High Agency: The Trait That Separates Doers From Waiters

What Is High Agency?

High Agency is the difference between people who wait and people who make things happen.

It’s not about talent, resources, or luck. It’s about how you respond when someone says: “That can’t be done.”

High Agency people ask: “How can I make this happen?”
Low Agency people say: “I tried, but they said no.”

The Wright brothers exemplified this perfectly. When The New York Times declared humans wouldn’t fly for a million years, two bicycle makers taught themselves aerodynamics, built their own wind tunnel, and were flying four years later.

No degrees. No funding. No permission. Just relentless problem-solving.

The Science Behind Agency

High Agency isn’t just motivational speak—it’s grounded in decades of psychological research.

Self-Efficacy Research: Albert Bandura’s landmark work shows that believing you can affect outcomes is foundational to motivation and performance.[^1] Nine large-scale meta-analyses confirm that self-efficacy beliefs significantly predict workplace motivation and performance.[^2] People with high self-efficacy view challenges as problems to master, not threats to avoid.[^3]

Growth Mindset: Carol Dweck’s research demonstrates that people who believe abilities can be developed (growth mindset) outperform those who view abilities as fixed.[^4] Students taught they could “grow their brains” showed marked academic improvement,[^5] and in workplace studies, growth mindset cultures show higher innovation and employee engagement.[^6]

Related Concepts: High Agency overlaps with what psychologists call “proactivity” (acting in advance rather than reacting), “grit” (perseverance toward long-term goals), and “perceived control” (believing you can achieve desired outcomes).[^7]

The research is clear: Agency is both measurable and developable.

Photo by Jeremy Bishop on Unsplash

Why This Matters Now

Traditional skills are table stakes. Agency is the differentiator.
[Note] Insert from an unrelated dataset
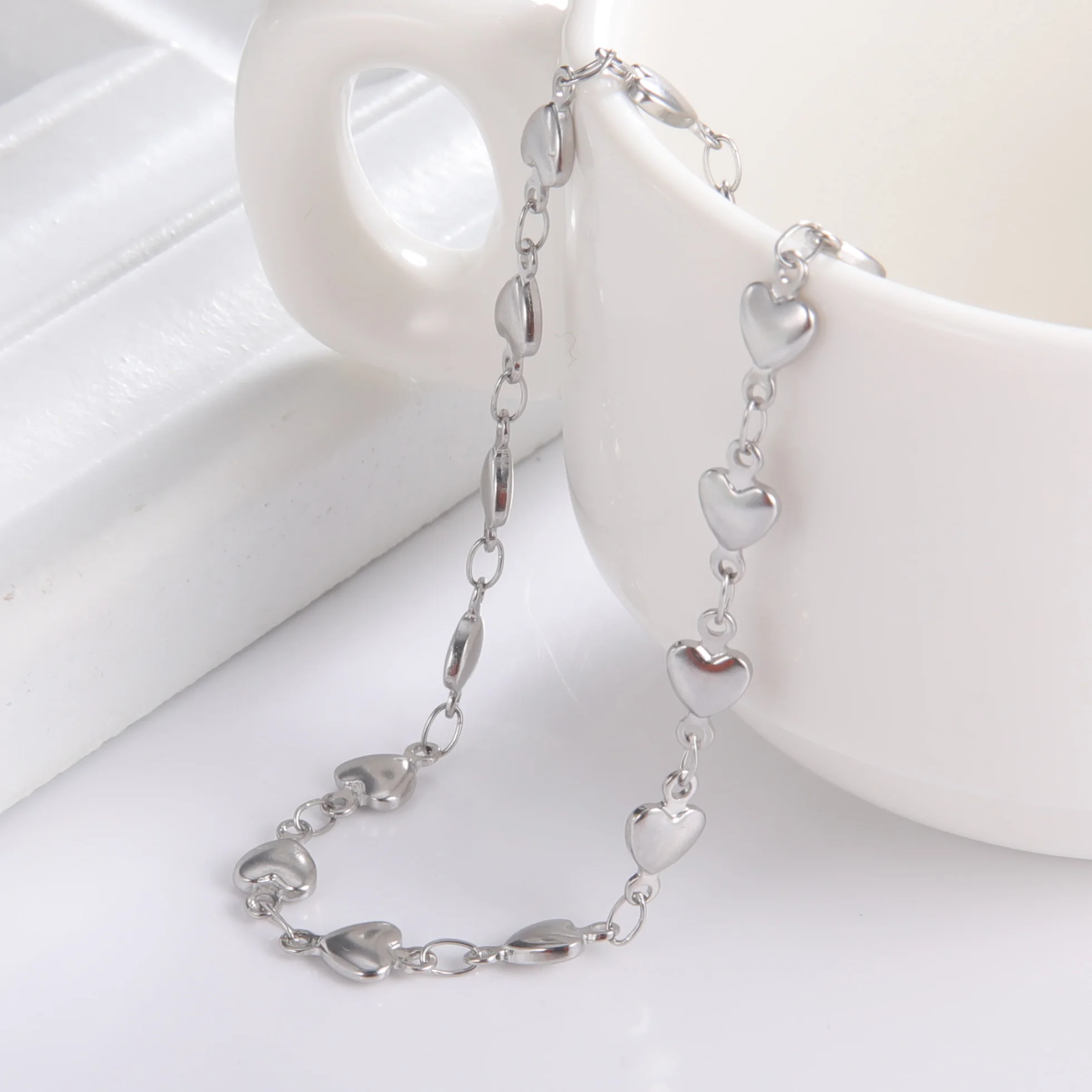 Fashion Heart Chain Foot Anklet for Women Girl Stainless Steel Beach Leg Ankle Bracelet Unfading Jewelry Best Friend Gift

Two people with identical technical skills deliver radically different results. The one with High Agency:

  • Creates opportunities others don’t see
  • Navigates obstacles that stop peers
  • Delivers despite imperfect conditions
  • Generates 10x impact with the same resources

In a world of rapid change and ambiguous problems, the ability to figure things out without explicit instructions is the most valuable skill you can have.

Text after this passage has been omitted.